DATA TO USE:
■ ■ ■ ■
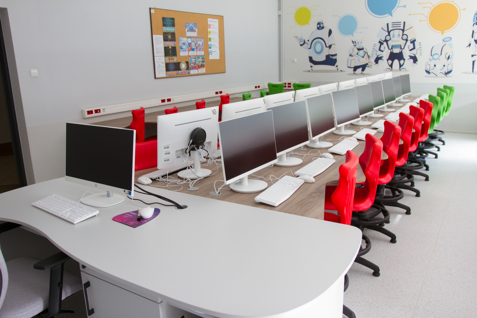 Zgodnie z projektem zmodernizowana pracownia komputerowa dla uczniów klas 1-3 została wyposażona w 28 stanowisk uczniowskich z terminalami komputerowymi podłączonymi do wspólnego serwera, komputer nauczyciela oraz umeblowana. W ramach umeblowania pracowni zakupione zostały: szafa, biurko nauczyciela, stoliki pod terminale i ergonomiczne krzesła z regulacją wysokości i podnóżkami oraz dodatkowe ławki i krzesła w celu prowadzenia innych zajęć przedmiotowych. Ponadto zakupiono wielofunkcyjną kserokopiarkę oraz wieczyste licencje oprogramowania Microsoft Office zarówno do nowej pracowni komputerowej jak i do już istniejącej dla uczniów klas starszych. Dodatkowo na ścianie zamontowano fototapetę tematyczną.
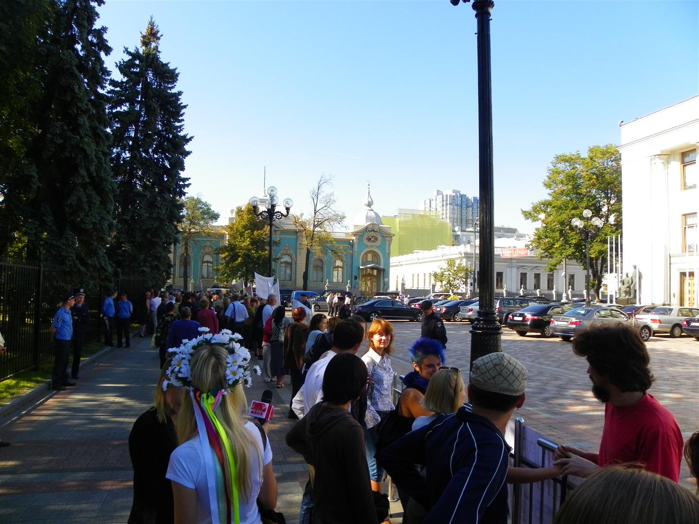 Пётр Онищенко отказался допустить нас к Верховной Раде на основании того, что мы не подали заявку, хотя подали мы её ещё за день. Когда милиционер звонил в мэрию узнать входящий номер – ему говорили, что никакой заявки нет, когда позвонили мы – она тотчас же нашлась. Но товарищ майор придумал новый повод не допускать нас к Раде – якобы заявка подана незаблаговременно (при том, что в законе срок подачи не оговаривается в принципе, и акция легитимна даже если уведомление отправлено телеграммой за минуту до её начала). Но в конце-концов Онищенко всё-таки признался, что всё дело в наших “неправильных” лозунгах, которые он считает “провокационными”. После того как к нам присоединился правозащитник Владимир Чемерис, незначительная часть активистов всё-таки прорвались к Верховной Раде, где шумела ещё пара митингов. Но сделать что-то серьёзное в окружении Беркута при оставшейся численности мы уже не могли. Стали отдельно, развернули свои плакаты, покричали в мегафон требования. Ближе к концу акции подбежал товарищ Каменев и предложил зарядить
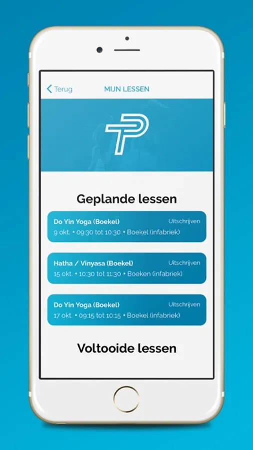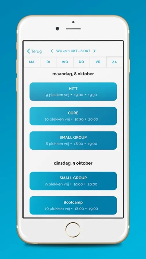 Met behulp van de CLUBPT app kun je eenvoudig inschrijven op geplande Bootcamp, CrossFit of Yoga & Tacoyo lessen.
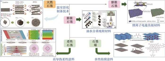 Significance: Natural graphite, a cornerstone of China's strategic mineral resources, enables the country to leverage its exceptional geological endowments and industrial prowess to maintain unparalleled global leadership. China's natural graphite industry dominates in both production output and high-value deep-processed products, such as spherical graphite and exfoliated graphite, positioning the country as a key strategic fulcrum in carbon materials competitiveness. Natural graphite, a thermodynamically stable crystalline allotrope of carbon, exhibits a hexagonal lattice structure in which sp2-hybridized carbon layers are stacked via weak van der Waals interactions. This intrinsic lamellar architecture underlies its unique material properties: high electrical and thermal conductivity, resistance to high and low temperatures, low friction coefficient, thermal stability, chemical inertness, and biocompatibility. Natural graphite is an irreplaceable foundational material that bridges traditional manufacturing with cutting-edge strategic emerging industries through its synergistic properties. In traditional industrial sectors, natural graphite demonstrates versatile applicability: in metallurgy, it functions as a carburetant and high-temperature refractory material; in mechanical engineering, its self-lubricating properties enable the fabrication of wear-resistant components such as precision bearings and seals; and in chemical processing, it can be modified through intercalation to create catalyst supports and advanced adsorption materials. Within strategic emerging industries, the strategic value of natural graphite is further elevated: high-purity spherical graphite acts as an irreplaceable precursor for lithium-ion battery anode materials, exfoliated graphite provides efficient oil-water separation, and flexible graphite is the material of choice for sealing systems operating under harsh environmental conditions. Progress: Recent advances in the exfoliation of graphite at room temperature have enabled the use of milder reaction conditions that better preserve its crystal structure. Unlike high-temperature processes, this method prevents local oxidation, resulting in exfoliated graphite worms with high flexibility. Room-temperature exfoliation can produce exfoliated graphite blocks with controllable shape, density, high mechanical strength, and excellent rebound. Electrochemically exfoliated graphene has few layers and a high yield, making it highly effective in enhancing the anti-corrosion performance of water-based coatings. Meanwhile, flexible graphite paper prepared by rolling has high electrical and thermal conductivity. Micro exfoliated graphite modified via room-temperature exfoliation can be combined with other metals to form lithium-ion battery anode materials with excellent rate performance and cycle stability. To address the growing demands for functional exfoliation and performance enhancement of natural graphite, this study systematically reviewed the latest research progress in six key categories: graphite intercalation compounds, natural graphite anode materials, exfoliated graphite, flexible graphite, graphene powder, and microcrystalline graphite-based isotropic graphite. The study systematically integrated research across the technological chain, including material synthesis, structural modulation, performance optimization, and industrial-scale application. Moreover, the intrinsic structure-activity relationships and critical technical bottlenecks in natural graphite-based materials were identified. Conclusions and Prospects: Natural graphite-based materials are poised to evolve toward higher performance, greener processes, and multifunctionality, serving as a key material for strategic emerging industries. This study provides a comprehensive reference for further research and industrial applications of natural graphite-based materials.
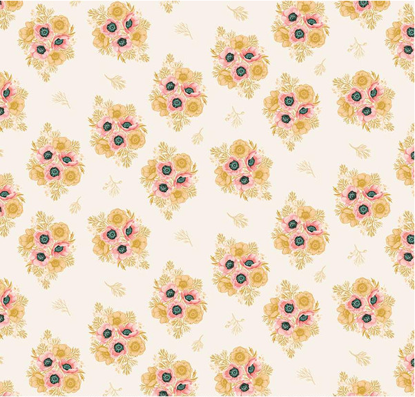 Print Description: This print features scattered clusters of flowers and sprigs of leaves.
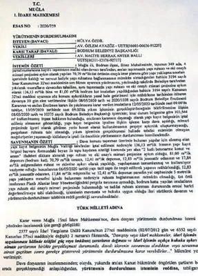 Muğla 1. İdare Mahkemesi, Özdil ailesinin avukatlarının "Yürütmeyi Durdurma Talebinin" reddine karar verdi.
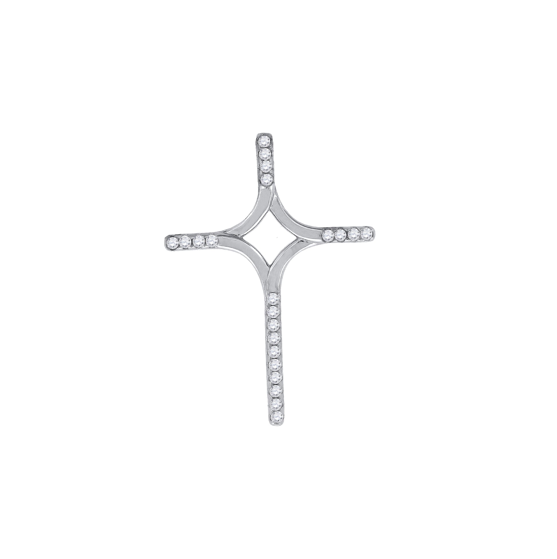 Sterling Silver Womens Cubic Zirconia Cross Religious Charm Pendant
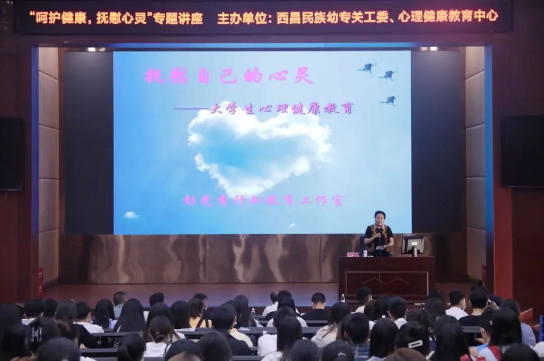 为充分发挥学校“五老”志愿者作用,切实关心关爱学生健康成长,引导学生尊重、热爱生命,关注自己内心,关怀身边同学和朋友,提高学生人际交往能力,构建健康、和谐、良好的校园育人环境。5月10日,西昌民族幼专关工委、心理健康教育中心特邀学四川省特级教师、教育心理学高级讲师、国家二级心理咨询师、中国陶行知研究会生活教育行动讲师团成员、校“五老”志愿者彭光秀举办了以《抚慰自己的心灵》为题的健康教育专题讲座。校党委委员、组织人事处处长、关工委主任潘开成,学生工作处副处长曹琰及相关部门负责人和师生代表200余人参加了讲座。学生支助中心负责人阿的阿加主持讲座会。
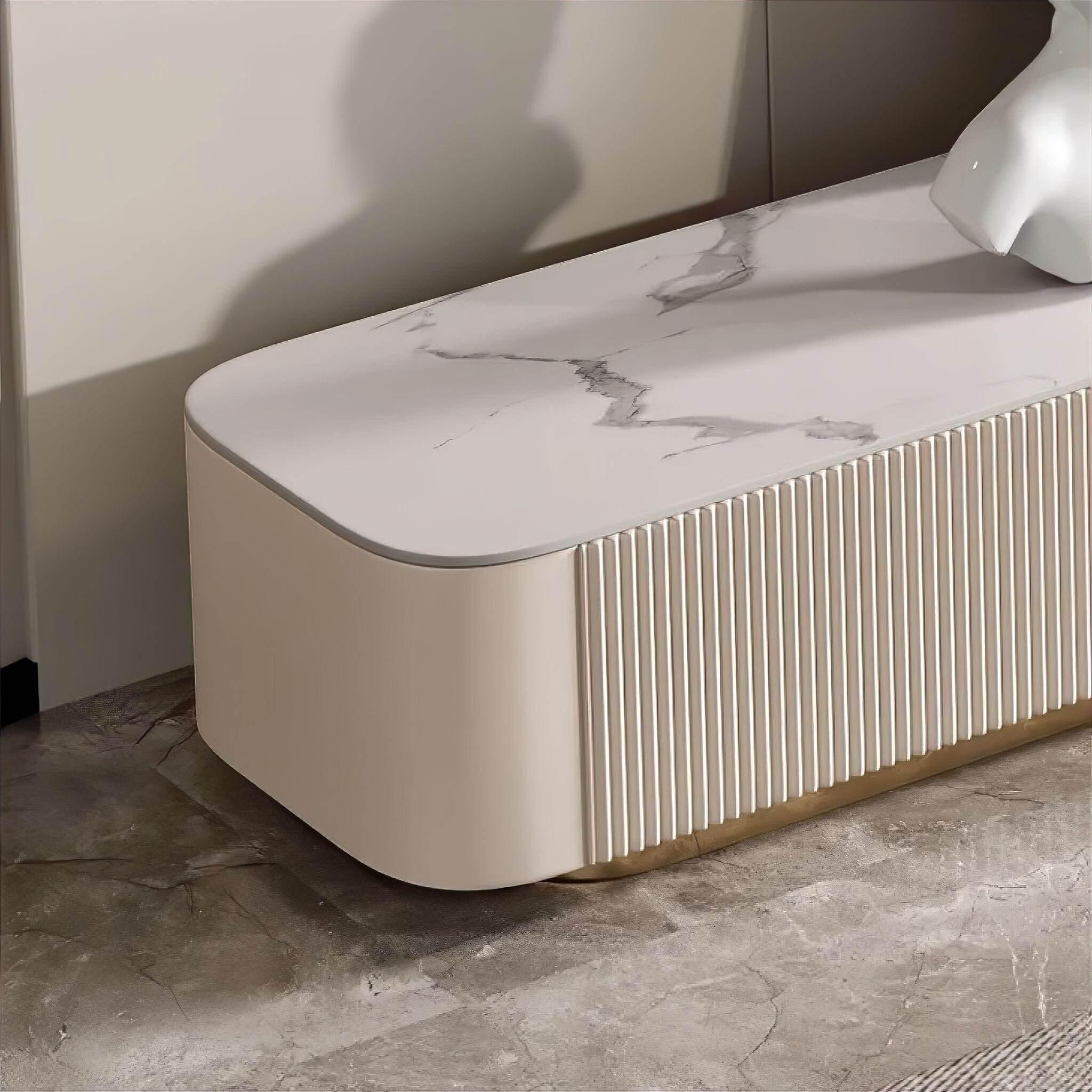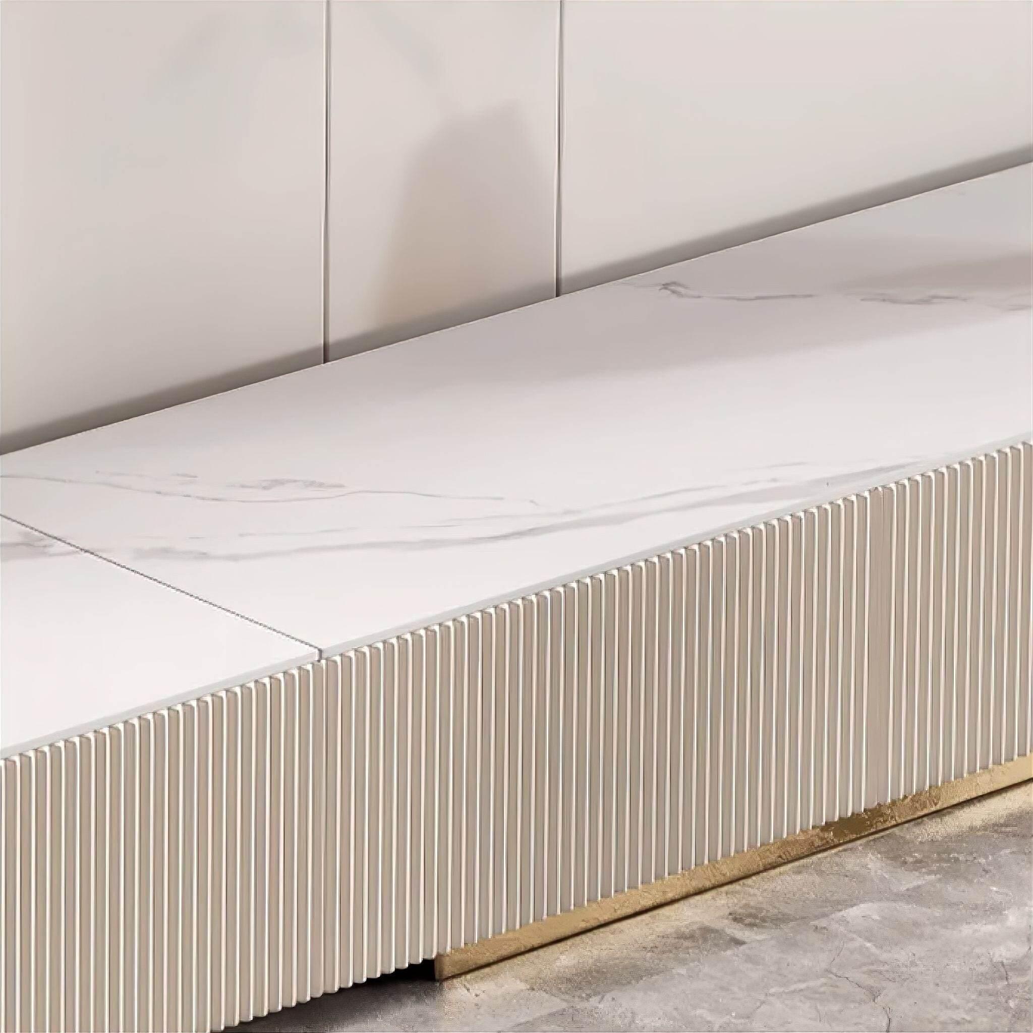 Das herausragende Merkmal dieses Schranks ist seine atemberaubende Arbeitsplatte aus Schieferstein, die nicht nur einen Hauch von Opulenz verleiht, sondern auch einen auffälligen Kontrast zum glatten Holz bildet und so die Gesamtästhetik Ihres Wohnraums aufwertet.
■ ■ ■ ■
BRIEF:
Your answer should be the exact lines above from the one containing "Muğla 1. İdare" through the one containing "Sterling Silver Womens", with both end lines kept and the pictures removed, please.

OUTPUT OF THE EXERCISE:
 Muğla 1. İdare Mahkemesi, Özdil ailesinin avukatlarının "Yürütmeyi Durdurma Talebinin" reddine karar verdi.
 Sterling Silver Womens Cubic Zirconia Cross Religious Charm Pendant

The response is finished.